NARA - National Archives and Records Administration:       http://www.nara.gov/
NARA - Genealogy Page:       http://www.nara.gov/genealogy

          This should, with some searching tell you what sort of things you will find at the facilities but also what you can search online.

          Now to something that I wrote that will show examples of what I used in researching one of my grandfathers. If you look closely, you will see that vital records (available, usually at town offices but could be at the state level), census records, and family tradition were also used in the story below.

The Elusive Files

          My maternal grandfather died when I was about three. My grandmother, his wife, used to visit us at least once every year. I don't remember asking questions about him so all I knew was what my mother had volunteered at one time when someone probably my brother asked about him.

          She told us about her Dad taking her and her siblings to watch the start of the Boston Marathon. This must have been shortly after they started having it in the early 1900s.

          I also remember her saying that he had been in the Civil War at a very young age. Years went by and my grandmother died and later my Mom. I was working on the genealogy for my husbands side of the family and on my father's line. It was that way as a cousin was working her mother's line and I knew I could get information from her. I waited too long....she died before I could get it. On asking her husband about her work and notes, he told me they had been thrown away. That meant I had to start from square one.

          I used the census to try to find something about him other than the fact that he was a veteran of the Civil War. I found some things that only raised more questions. Some of these... were why was my grandmother and some of her children not listed on the 1920 census where he was, why was she not living with him and where was she living at that time?

          I used the volumes of "The Soldiers and Sailors of the Civil War from Massachusetts." Guess what...I couldn't find him. Strange, I knew he had been in that war. Grandmother and mother had said so.

          One day I was discussing this with a cousin. She said that I was having trouble finding him as he had enlisted under another name.

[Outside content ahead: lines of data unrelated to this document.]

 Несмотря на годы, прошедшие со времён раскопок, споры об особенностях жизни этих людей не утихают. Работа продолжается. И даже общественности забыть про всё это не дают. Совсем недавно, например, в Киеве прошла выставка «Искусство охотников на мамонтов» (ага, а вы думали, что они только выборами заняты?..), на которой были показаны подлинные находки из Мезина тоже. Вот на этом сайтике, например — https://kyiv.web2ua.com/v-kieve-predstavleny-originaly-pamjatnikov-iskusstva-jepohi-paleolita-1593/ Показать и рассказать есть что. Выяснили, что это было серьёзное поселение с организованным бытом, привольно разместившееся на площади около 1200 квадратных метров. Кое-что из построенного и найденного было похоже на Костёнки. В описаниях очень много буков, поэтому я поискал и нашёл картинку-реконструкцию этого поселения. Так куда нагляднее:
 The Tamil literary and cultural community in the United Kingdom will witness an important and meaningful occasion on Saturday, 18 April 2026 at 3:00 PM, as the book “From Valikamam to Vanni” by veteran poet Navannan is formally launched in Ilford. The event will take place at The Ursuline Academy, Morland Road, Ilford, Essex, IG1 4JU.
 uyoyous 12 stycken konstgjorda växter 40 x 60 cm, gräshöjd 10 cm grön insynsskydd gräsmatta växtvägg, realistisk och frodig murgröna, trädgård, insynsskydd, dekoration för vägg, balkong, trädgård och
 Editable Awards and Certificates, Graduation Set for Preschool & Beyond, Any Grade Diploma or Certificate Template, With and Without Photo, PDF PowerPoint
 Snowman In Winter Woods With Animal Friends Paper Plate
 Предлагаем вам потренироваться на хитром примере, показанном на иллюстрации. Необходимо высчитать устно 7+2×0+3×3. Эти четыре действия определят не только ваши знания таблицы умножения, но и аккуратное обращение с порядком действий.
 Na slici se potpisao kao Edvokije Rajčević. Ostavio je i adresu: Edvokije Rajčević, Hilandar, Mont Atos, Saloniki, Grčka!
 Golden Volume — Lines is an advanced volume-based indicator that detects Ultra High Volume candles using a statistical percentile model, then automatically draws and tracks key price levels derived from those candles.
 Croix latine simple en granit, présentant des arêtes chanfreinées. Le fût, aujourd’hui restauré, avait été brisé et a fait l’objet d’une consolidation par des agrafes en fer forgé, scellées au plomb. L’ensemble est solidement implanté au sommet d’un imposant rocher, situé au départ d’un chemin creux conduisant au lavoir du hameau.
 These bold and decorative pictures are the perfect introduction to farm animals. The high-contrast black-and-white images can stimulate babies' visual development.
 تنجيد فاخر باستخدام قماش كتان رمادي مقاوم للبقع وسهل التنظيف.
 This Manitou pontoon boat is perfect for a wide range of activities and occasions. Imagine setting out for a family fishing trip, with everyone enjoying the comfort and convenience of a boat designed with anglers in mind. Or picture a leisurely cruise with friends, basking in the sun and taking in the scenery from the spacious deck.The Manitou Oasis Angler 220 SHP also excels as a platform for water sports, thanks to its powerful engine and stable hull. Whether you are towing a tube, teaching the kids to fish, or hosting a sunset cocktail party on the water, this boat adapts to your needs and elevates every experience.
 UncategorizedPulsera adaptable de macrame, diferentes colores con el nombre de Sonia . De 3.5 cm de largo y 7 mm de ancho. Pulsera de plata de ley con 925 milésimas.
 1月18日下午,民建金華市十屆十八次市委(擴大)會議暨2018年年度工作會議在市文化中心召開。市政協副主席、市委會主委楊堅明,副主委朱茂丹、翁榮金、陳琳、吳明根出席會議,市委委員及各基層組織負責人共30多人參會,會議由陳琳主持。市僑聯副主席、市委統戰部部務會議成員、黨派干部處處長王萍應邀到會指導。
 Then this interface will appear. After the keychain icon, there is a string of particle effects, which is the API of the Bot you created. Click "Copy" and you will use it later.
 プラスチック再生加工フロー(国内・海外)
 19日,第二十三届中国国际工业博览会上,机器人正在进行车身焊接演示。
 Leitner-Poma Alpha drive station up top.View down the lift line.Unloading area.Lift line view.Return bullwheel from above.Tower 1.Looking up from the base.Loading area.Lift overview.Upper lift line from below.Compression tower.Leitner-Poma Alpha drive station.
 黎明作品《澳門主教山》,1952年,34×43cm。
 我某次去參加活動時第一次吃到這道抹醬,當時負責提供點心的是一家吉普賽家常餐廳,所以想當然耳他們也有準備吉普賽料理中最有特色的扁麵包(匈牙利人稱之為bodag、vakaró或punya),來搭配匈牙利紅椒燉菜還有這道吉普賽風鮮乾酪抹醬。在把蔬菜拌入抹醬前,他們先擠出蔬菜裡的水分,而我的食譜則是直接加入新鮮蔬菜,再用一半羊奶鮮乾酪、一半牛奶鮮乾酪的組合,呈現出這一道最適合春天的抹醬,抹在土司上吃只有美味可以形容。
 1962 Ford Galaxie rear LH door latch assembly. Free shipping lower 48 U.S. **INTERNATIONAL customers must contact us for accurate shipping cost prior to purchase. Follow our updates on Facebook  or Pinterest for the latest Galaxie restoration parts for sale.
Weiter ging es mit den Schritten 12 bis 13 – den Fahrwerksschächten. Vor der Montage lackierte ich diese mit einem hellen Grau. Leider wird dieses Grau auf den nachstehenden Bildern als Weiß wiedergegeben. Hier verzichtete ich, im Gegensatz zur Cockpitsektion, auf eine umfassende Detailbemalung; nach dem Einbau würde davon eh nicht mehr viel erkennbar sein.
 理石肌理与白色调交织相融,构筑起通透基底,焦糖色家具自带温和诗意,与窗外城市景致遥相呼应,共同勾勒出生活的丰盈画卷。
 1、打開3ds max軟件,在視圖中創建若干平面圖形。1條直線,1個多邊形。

          "Oh," said I. "Do you know what name he used?" She said that she did and told me. I went back to the volumes and sure enough there he was. We talked again about that family and had some disagreement on the number of children our grandparents had.

          Well, I decided to solve that one so headed for the town where our aunts and uncles were born. I wanted birth and death certificates for some of them. Also those of my grandparents.

          A visit to the town clerk's office in the town where they lived and I had some more information.but not enough. The clerk told me that his death certificate was in a nearby town. I went there and yes I got the death certificate. The clerk there made a passing remark that indicated my grandmother wasn't living with him at the time of death although she was the informant. Why were they not living together and why did she not know anything about her mother and father-in-law? Much of the information I wanted wasn't there although the name of the cemetery was.

          I dragged a protesting husband with me to the cemetery and hunted for the grave. An aunt years before had told me where the family was buried and described where the family plot was. After asking at the caretaker's office, we found the plot. The only stone was a marker for twin uncles who had died as young children. No help there.

          Wilfred? Henry? You are more elusive than I would like.

          It was as if he were challenging me to find him and to unravel the puzzle. Well, sir, I will try to do just that!

          I felt that at least part of the answer lay with his pension papers. I sent for a copy of them from the National Archives. No luck. I was told they weren't there and to try another repository in St. Louis, MO this time. I wrote them. The answer was still no and to try another. All of this which with the slowness of our government processes took a couple of years.

          I forgot about it for the time being and went on with other lines. Two years later, I was back in Massachusetts at the Regional National Archives. I had worked all afternoon with some success on another line and time.

          As I was leaving one of the archivists whom I had got to know over the ten years we had lived in the area asked how I was doing and had I found the pension file. I said I hadn't and he asked for a repeat of my tale. When I mentioned that my grandmother had received a widow's pension, he said, ˝We have those papers here on the other side of the building! Go over there and ask to see Mr. ____."

          I went, found the person he wanted me to talk with and another person who was also interested. They questioned the locator number on the card I had copied three years before. I showed them the photocopy of it and then was told..."That has been active in recent times." My grandmother had died in 1955 and it was still too recent to be open to public access. Like their not publishing the census records for 72 years for privacy reasons.

          These men gave me the name of another person to call. I did that the next day. After a short conversation he said, "You are looking for Willfred/Henry ____?"

          "Yes," I replied and was asked to give him a few minutes with his computer. He came back and said he had found the card with the information I had and would I let him have two or three weeks to check it out. It had already been four years what were two or three weeks more.

          At the end of the three weeks I was getting antsy and had just said that if I didn't hear in two days time, I was going to call him. The telephone rang about two hours later. He had news. He said he had found the papers and that they were being sent to him. What did I want in them? My reply was that I would like a copy of everything that the file contained. A week later, I received an envelope, a thick one, in the mail. There was the long sought after file!

          What did I learn? That he had been married before and that his first wife died before he married my grandmother. I had a physical description of him.

          I also found out why the alias. Bounty money he was to receive for enlisting was at the root of it. He didn't want his dad or a brother to know that he received it. Because he had used one, he had to prove that he was Wilfred and not really Henry. There were affidavits in the file from neighbors and relatives who had know him all his life. Wow! I still have a hard time believing it. It does prove, though, that persistence pays off.

          I found from the vital records that they did, in fact, have sixteen children as I had told my cousin. Funny thing...I noticed that when he reported the births over the years that he used, Wilfred, Henry, Henry C or Wilfred H. Must be that he couldn't decide who he was!